How can we adapt response to the increasing variety of genres, purposes, styles, and media in communication?

In this interactive workshop, Pam, Kelli, and Chris will give short presentations to address the above questions—with focus on sequenced response and peer review, response to the expressed needs of writers, connections between purpose and audience for both writer and respondent, and features of responding to writing in online environments.

Participants will then engage in breakout groups to help each person develop response strategies pertinent to their own teaching and writing.

Presenter Bios

Chris Thaiss served as Clark Kerr Presidential Chair and Director of the UC Davis University Writing Program and directed Davis’s Center for Excellence in Teaching and Learning (until 2015). A teacher of writing for four decades, he is the author or editor of 14 books, including his most recent, Writing Science in the Twenty-First Century (Broadview, 2019) and the 4th edition of A Short History of Writing Instruction: From Ancient Greece to the Modern United States (with James J. Murphy; Routledge, 2020).

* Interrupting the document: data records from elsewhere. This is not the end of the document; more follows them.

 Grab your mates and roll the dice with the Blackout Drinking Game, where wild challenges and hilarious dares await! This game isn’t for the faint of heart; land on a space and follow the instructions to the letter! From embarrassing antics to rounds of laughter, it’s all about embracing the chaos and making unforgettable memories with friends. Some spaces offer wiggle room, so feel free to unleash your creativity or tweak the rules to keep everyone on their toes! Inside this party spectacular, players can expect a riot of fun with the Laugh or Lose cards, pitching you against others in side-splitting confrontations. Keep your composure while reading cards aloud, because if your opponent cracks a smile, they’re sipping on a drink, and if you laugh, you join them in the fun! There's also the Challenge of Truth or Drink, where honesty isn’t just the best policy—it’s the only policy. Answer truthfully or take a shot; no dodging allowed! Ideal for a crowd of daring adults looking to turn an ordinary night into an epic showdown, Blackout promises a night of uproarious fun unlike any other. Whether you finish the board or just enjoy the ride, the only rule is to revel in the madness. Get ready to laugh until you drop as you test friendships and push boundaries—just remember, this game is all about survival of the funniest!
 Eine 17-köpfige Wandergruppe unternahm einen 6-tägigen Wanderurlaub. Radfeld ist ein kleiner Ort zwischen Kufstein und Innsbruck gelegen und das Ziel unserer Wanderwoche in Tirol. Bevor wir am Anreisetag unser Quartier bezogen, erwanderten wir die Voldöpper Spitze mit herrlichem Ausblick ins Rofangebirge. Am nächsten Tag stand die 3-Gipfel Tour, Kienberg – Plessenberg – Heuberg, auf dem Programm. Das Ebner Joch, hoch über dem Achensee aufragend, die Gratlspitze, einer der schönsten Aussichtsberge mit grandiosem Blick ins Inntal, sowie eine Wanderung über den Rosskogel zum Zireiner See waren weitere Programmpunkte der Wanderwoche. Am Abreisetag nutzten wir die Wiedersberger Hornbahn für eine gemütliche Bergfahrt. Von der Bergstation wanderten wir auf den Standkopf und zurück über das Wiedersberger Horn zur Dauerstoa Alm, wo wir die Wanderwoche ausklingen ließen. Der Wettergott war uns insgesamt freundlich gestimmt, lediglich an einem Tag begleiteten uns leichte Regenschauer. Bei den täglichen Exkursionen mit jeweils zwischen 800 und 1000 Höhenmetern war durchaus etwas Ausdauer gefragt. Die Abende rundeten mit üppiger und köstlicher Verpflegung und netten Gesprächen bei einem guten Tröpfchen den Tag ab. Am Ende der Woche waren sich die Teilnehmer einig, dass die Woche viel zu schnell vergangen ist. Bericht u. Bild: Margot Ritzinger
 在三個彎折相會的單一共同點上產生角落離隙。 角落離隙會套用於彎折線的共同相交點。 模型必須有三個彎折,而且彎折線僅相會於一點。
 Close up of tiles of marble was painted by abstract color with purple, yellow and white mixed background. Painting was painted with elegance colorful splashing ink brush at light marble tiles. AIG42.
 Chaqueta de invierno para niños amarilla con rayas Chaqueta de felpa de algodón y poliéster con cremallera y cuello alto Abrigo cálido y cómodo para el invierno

Pam Childers directed the WAC-based writing center at McCallie School (TN) as Caldwell Chair of Composition and currently serves as Executive Editor of The Clearing House. Her decades of teaching writing at all academic levels and directing wac-based writing centers have inspired her collaborative work on four books, including WAC Partnerships Between Secondary and Postsecondary Institutions (with Jacob Blumner, 2016), and hundreds of chapters, columns, and articles. Her current research focuses on the pedagogy of former writing center directors.

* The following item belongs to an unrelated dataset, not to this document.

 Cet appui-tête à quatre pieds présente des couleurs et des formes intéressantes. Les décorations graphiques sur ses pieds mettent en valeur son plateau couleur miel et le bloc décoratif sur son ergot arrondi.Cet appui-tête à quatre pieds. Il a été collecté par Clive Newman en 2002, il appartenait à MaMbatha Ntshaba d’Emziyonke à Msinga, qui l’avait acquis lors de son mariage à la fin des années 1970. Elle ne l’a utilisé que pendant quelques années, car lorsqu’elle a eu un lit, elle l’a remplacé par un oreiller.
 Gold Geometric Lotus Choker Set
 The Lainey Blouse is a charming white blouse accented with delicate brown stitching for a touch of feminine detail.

Kelli Cargile Cook is a Professor and Founding Chair of the Professional Communication Department at Texas Tech University. She co-edited two collections on online education in technical communication: Online Education 2.0: Evolving, Adapting, and Reinventing Online Technical Communication (2013) and Online Education: Global Questions, Local Answers (2005). Her online education scholarship has also appeared in Technical Communication Quarterly and Business Communication Quarterly.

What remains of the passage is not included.